As with all contact lenses, MiSight 1 day is a medical device and should only be prescribed by registered optometrists and contact lens practice opticians.
- ORTHOKERATOLOGY TREATMENT
It basically involves wearing corneal moulds called ortho-k lenses to sleep to alter the shape of your child’s corneas. In layman terms, these lenses flatten the cornea’s centre and push the excess corneal tissues out to the sides to manipulate the way light reaches the retina.
The clear vision may last about 18 hours after the lenses are removed in the morning, said optometrist and orthokeratologist Titus Wu of Titus Eye Care in a TODAY article.
Upgrades in technology mean that the new ortho-k lenses can now correct up to 1,200 degrees of myopia, and is supposed to be suitable for all ages, even children as young as six years old, said Wu.
The clear vision may last about 18 hours after the lenses are removed in the morning.
But isn’t wearing contact lenses to sleep a bad idea? Wearing soft lenses to bed is akin to asking for trouble as they soak up your eyes’ moisture like a sponge. The customised ortho-k lenses are rigid gas-permeable lenses that allow oxygen through to the eyes.
However, these lenses aren’t without their downsides. The Singapore National Eye Centre (SNEC) has seen “five children between the ages of nine and 14 with severe corneal infections linked to the use of overnight ortho-k lenses” in 2007, according to the TODAY article. Corneal abrasion may also result if the lenses are not properly cleaned.

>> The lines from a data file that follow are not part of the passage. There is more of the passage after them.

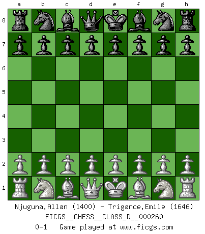 Last move : 0-1 2020 February 12 22:30:5 [Event "FICGS__CHESS__CLASS_D__000260"] [Site "FICGS"] [Date "2020.01.03"] [Round "1"] [White "Njuguna,Allan"] [Black "Trigance,Emile"] [Result "0-1"] [WhiteElo "1400"] [BlackElo "1646"] 0-1 This chess game has been lost on time (started : 2020.01.03 14:17:32) Player Black won this chess game. Follow this game move after move (download)The Pin is mightier than the sword. (Fred Reinfeld) Ich tröste mich mit dem Vergnügen, daß Schachfans, Zuschauer und Leser glücklich sind, wenn ein Großmeister etwas riskiert, statt nur Klötzchen zu schieben. (Mikhail Nekhemyevich Tal) Muchos se han convertido en Maestros de Ajedrez, nadie se ha convertido en el Maestro del Ajedrez. (Siegbert Tarrasch) La vie et les Echecs sont tous les deux une lutte constante. (Lasker) To send light into the darkness of men's hearts - such is the duty of the artist. (Schumann)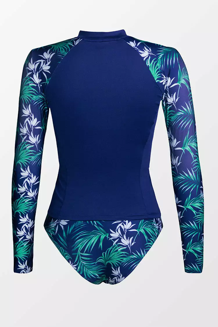 Alexus Tropical Zipper Long Sleeve Tankini is everything you need for a beach getaway. Features raglan long sleeves, front zip, and tropical print on both sleeves and bottom.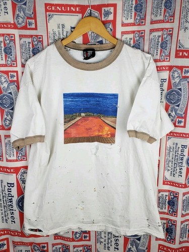 See photos for stains and holes. Someone truly put this shirt to use but still has life and a lot of stories to tell. Pit to pit 24" Top to bottom 29"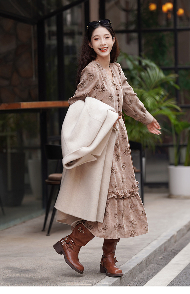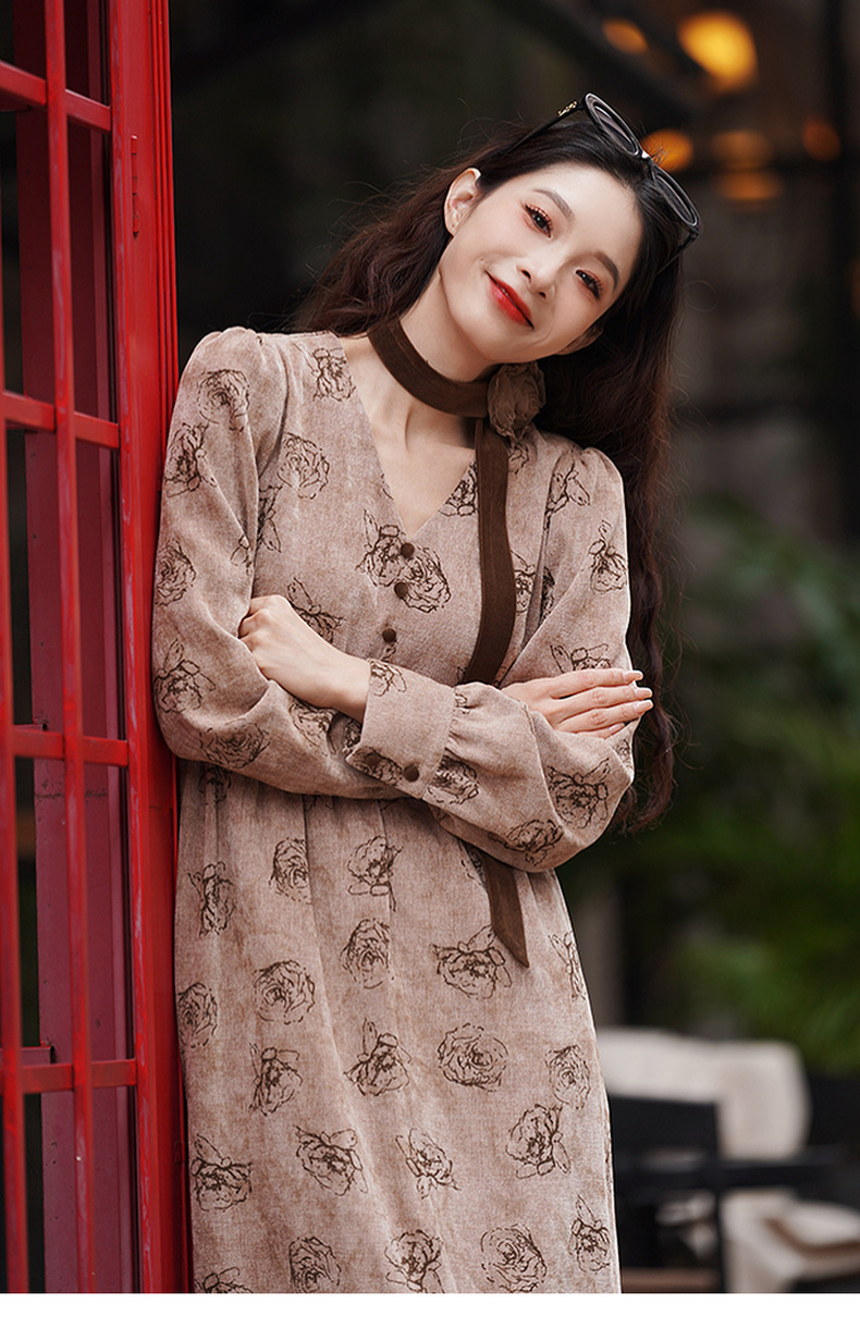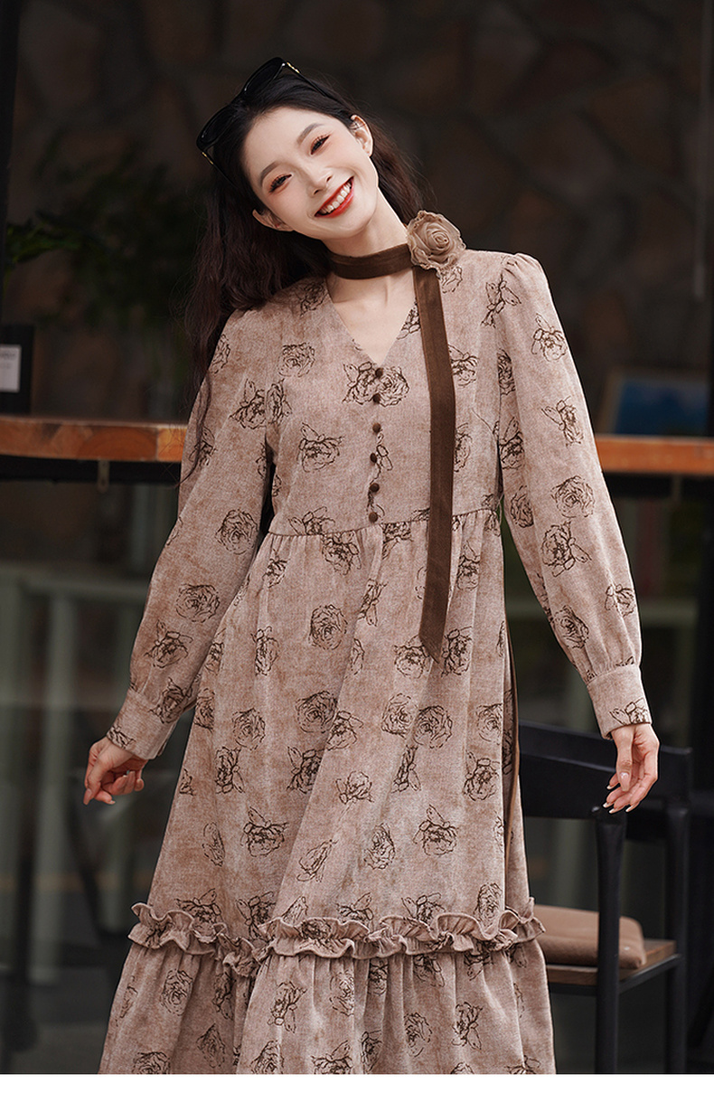 两三事沙漠玫瑰2024冬季新款森女风印花木耳边裙摆绑带a字连衣裙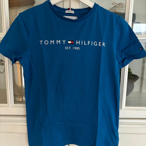 Rød t skjorte fra Tommy Hilfiger i strl 164. Pent brukt.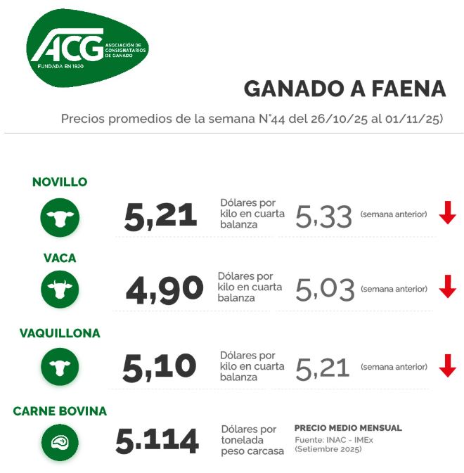 Sobre la reposición, la ACG marcó en su comentario que se "mantiene la tendencia típica de la época en oferta y valores", que en su mayoría corrigieron a la baja para las distintas categorías. El ternero perdió 8 cents en la última semana a US$ 3,34 por kg en pie, la ternera 5 cents a US$ 3,14, mientras que la baja de invernada bajó 2 cents a US$ 2,21 por kg.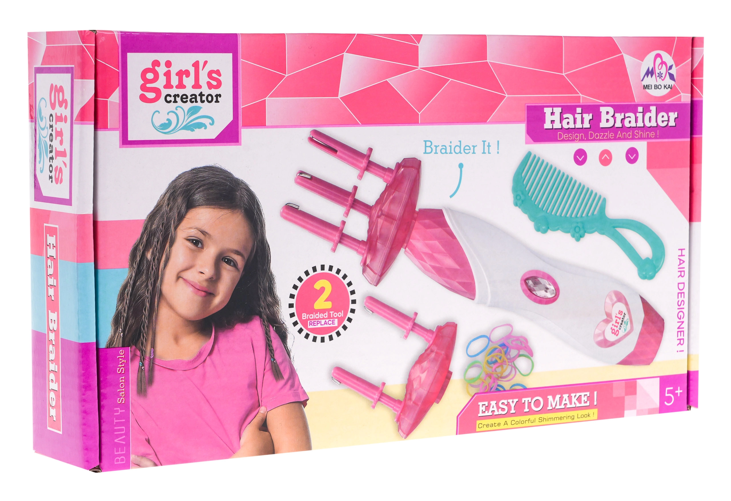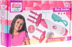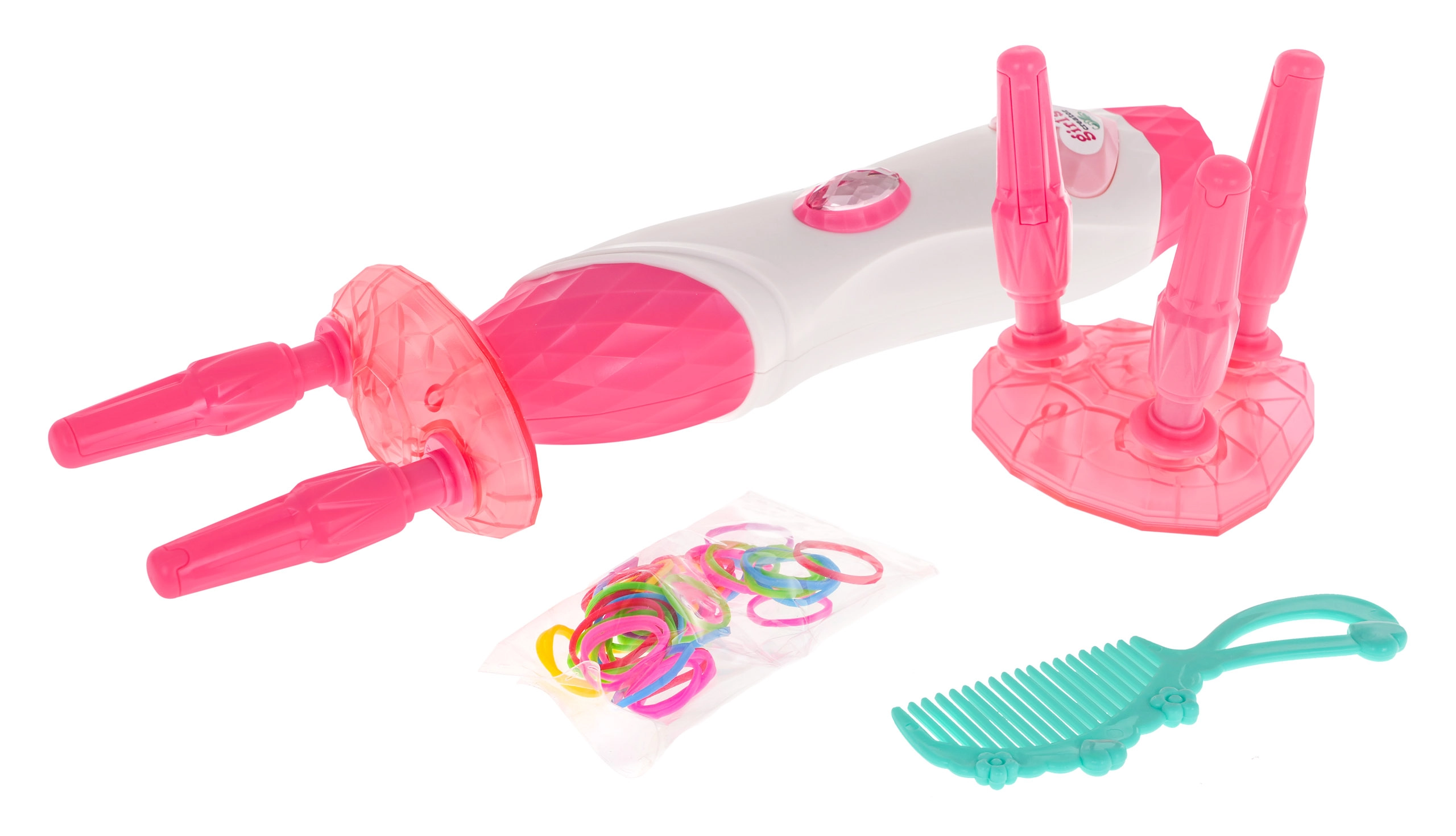 Комплектът за сплитане на плитки е създаден за лесни и забавни прически. Този весел комплект включва пластмасова машинка за сплитане със сменяеми накрайници, гребен и 50 ластика за коса. Достатъчно е да поставите 2 до 3 кичура коса в отворите и с натискане на бутона да създадете красиви плитки!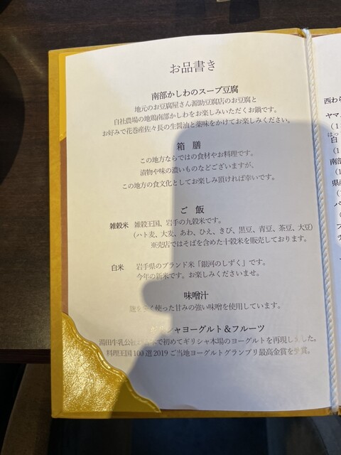 今回は珍しく旅館について書かせていただきます。僕が唯一毎年リピートしている本当は教えたくない神旅館です。それが岩手県は和賀郡にある『山人』- yamado -さんです。 新幹線での行き方については1つ前(1年前)の投稿に書かせていただいているので今回はお車での行き方についてとても雑に書いていきます。笑 ------------------------------ ~車での行き方~ 東京 ▶︎ 宇都宮方面 ▶︎ 東北道(盛岡方面)に進むこと 5時間半ほどで着きます。笑 ~ 休憩におすすめのSAとPA ~ ・守谷SA とにかくデカイ ・羽生PA 江戸時代風で楽しい ・那須塩原SA チーズケーキが美味しい ・錦秋湖SA 紅葉が綺麗 ※ルート選択によっては通らないSAもあります。 ------------------------------ と言った感じ。 超雑なので雑に参考にしてあげて下さい。笑 --本日いただいたお食事------------ ■コース … ダブルメインコース ~夕食編~ ・バーニャカウダー ・前菜盛り合わせ ・ウサギモタシのカクテル ・吉次(キンキ)のスッポン煮 ・天ぷら2種 ▶︎ 天然舞茸 ▶︎ かしわ天 ・白金豚のロースト ・きのこ雑炊 ・秋のフルーツパフェ ~朝食編~ ・南部かしわのスープ豆腐 ・6種の箱膳 ・雑穀米 or 白米 ・味噌汁 ・ギリシャヨーグルト ・フルーツ “無限追加OKメニュー” ・西わらびの一本漬 ・ヤマメの一夜干し ・白金豚のベーコン ★ ・南部かしわのソーセージ ★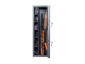 Шкаф односекционный, на 3 ствола оснащен отделением под патроны. Ложементы — металлические держатели с резиновыми роликами. Максимальная высота устанавливаемого оружия — 1350 мм. Один замок ЗАО «Про-Сам» г. Рязань или аналогичный замки другого производителя. Второй замок кодовый электронный.

Another caveat: Since the lenses are customised to reshape the corneas, they have to be fitted by trained orthokeratologists, who are in short supply in Singapore despite the lenses being available locally for decades.
- ATROPINE EYE DROPS
For children with rapidly progressing myopia and are between the ages of six and 12, a prescription of low-dose 0.01-per-cent atropine eye drops may slow down their myopia. But how effective is it?
In a five-year trial by Professor Donald Tan and his team at the SNEC and SERI, the eye drops were found to slow down myopia’s progression by 50 per cent to 60 per cent over two years.
This means that if your child’s myopia is progressing at 100 degrees a year, it would cut down to less than 50 degrees each year. As the effect of atropine is accumulative, it is advisable not to miss your child’s daily dose.
Still, low-dose atropine eye drops are not a fail-safe against myopia. In some cases, the dosage has to be increased to 1 per cent, which has been used to treat myopia since the 1960s and has been prescribed by the SNEC since the 1990s.
However, the higher-dose atropine eye drops aren’t ideal even though they can slow myopia by 80 per cent over two years – they can cause uncomfortable side effects like glare and blurred near vision. And even then, in about 10 per cent of children, myopia may continue to progress rapidly.